__INFORMATION__
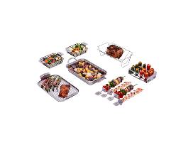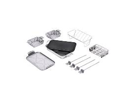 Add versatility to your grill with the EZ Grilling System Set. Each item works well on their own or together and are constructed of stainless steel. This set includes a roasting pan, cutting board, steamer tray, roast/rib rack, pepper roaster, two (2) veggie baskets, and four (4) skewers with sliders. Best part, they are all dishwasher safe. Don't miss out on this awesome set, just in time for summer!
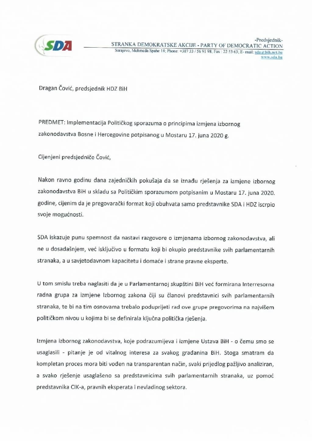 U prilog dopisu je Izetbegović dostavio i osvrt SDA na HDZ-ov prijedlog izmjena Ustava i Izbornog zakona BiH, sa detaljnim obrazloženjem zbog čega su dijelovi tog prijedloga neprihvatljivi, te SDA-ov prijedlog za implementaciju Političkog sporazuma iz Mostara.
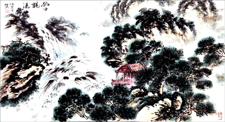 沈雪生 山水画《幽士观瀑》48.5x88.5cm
--
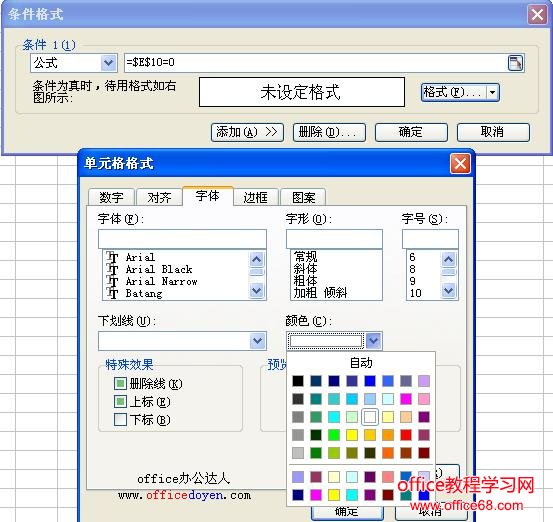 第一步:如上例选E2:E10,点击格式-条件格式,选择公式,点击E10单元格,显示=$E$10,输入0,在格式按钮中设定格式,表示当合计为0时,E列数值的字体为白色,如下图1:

__EXERCISE__
Output only the lines above from the one containing "U prilog dopisu" to the one containing "沈雪生 山水画《幽士观瀑》48.5x88.5cm", both included, exactly as written and with no pictures.

__WRITTEN SOLUTION__
 U prilog dopisu je Izetbegović dostavio i osvrt SDA na HDZ-ov prijedlog izmjena Ustava i Izbornog zakona BiH, sa detaljnim obrazloženjem zbog čega su dijelovi tog prijedloga neprihvatljivi, te SDA-ov prijedlog za implementaciju Političkog sporazuma iz Mostara.
 沈雪生 山水画《幽士观瀑》48.5x88.5cm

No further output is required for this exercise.